So the Islamic Jihad had actually done it! Nobody believed they could—or would… nobody but a handful of Ashmead’s field-weary counterterrorists, who couldn’t write a grammatical report and didn’t seem to understand that a nuclear blast in Riyadh was simply unacceptable and, under the conditions the counterterrorists had detailed in their situation report, probably unavoidable as soon as any interdiction plan was undertaken. His mind reeling with possible implications, Beck tromped the gas pedal. He hoped to hell that by the time he reached Jerusalem Ashmead and his team of cowboy operatives had been pulled in by the ears and were waiting for him. He was going to personally kick Ashmead’s butt around the block.
Beck, in fifteen years of overseas postings, had never been party to an error of this magnitude.
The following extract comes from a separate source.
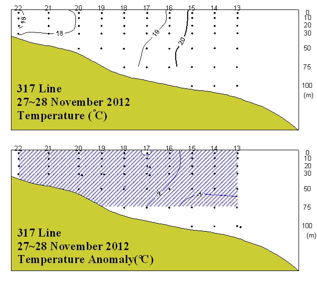 ㅇ 2012년 11월 27~28일 국립수산과학원 남서해수산연구소에서 조사한 동중국해 북부해역(317선)의 수온 수직분포도와 평년편차도입니다. ㅇ 관측해역 내에서 동부해역이 서부해역보다 수온이 다소 높게 나타났습니다. ㅇ 평년에 비하여 대부분의 해역에서 1~2℃ 범위의 저온현상을 나타났습니다.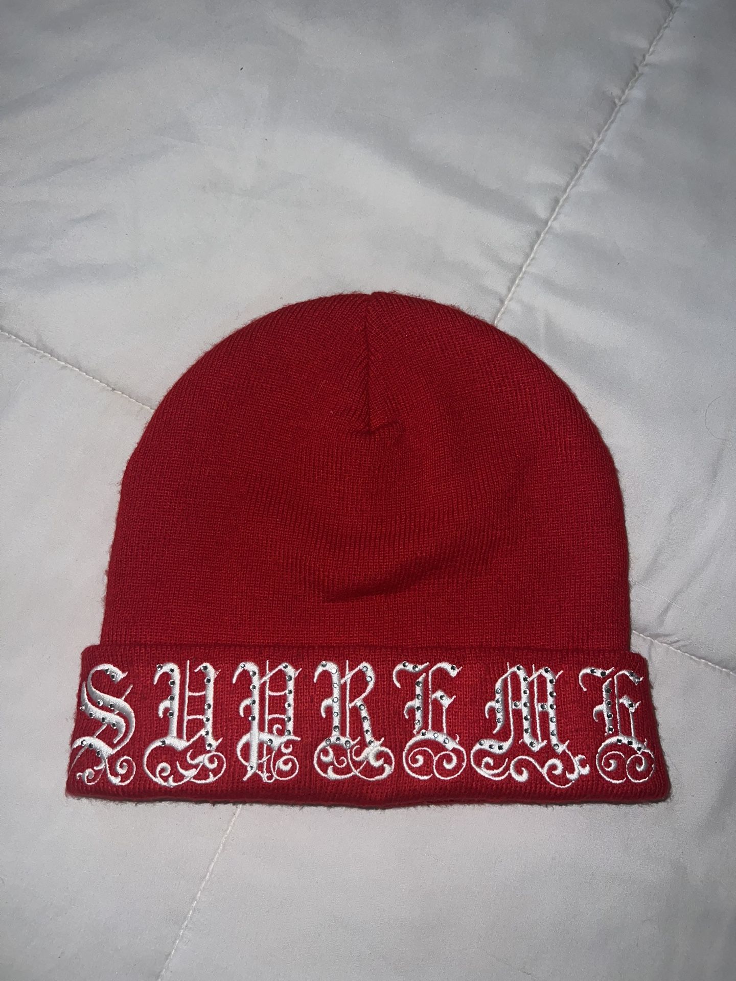 Supreme old English Rhinestone beanie. Worn a few times but in good condition. Bought this from the website years ago. $50 and it’s yours

He’d signed off on a negative analysis of Ashmead’s intelligence, along with everyone else whose opinion he respected, with Beck’s own confidential notation appended that, despite Ashmead’s record and predilections, Ashmead would obey a simple pullback order if it was given—a tragic misjudgment of the covert actor’s character which had probably just destroyed years of productive relations between the US and the House of Saud. Beck had visions of himself standing rigidly while Aramco and Bechtel VPs helped his superiors decide just where Beck was going to be posted next—Greenland, if he was lucky; the Manchurian border, if he wasn’t.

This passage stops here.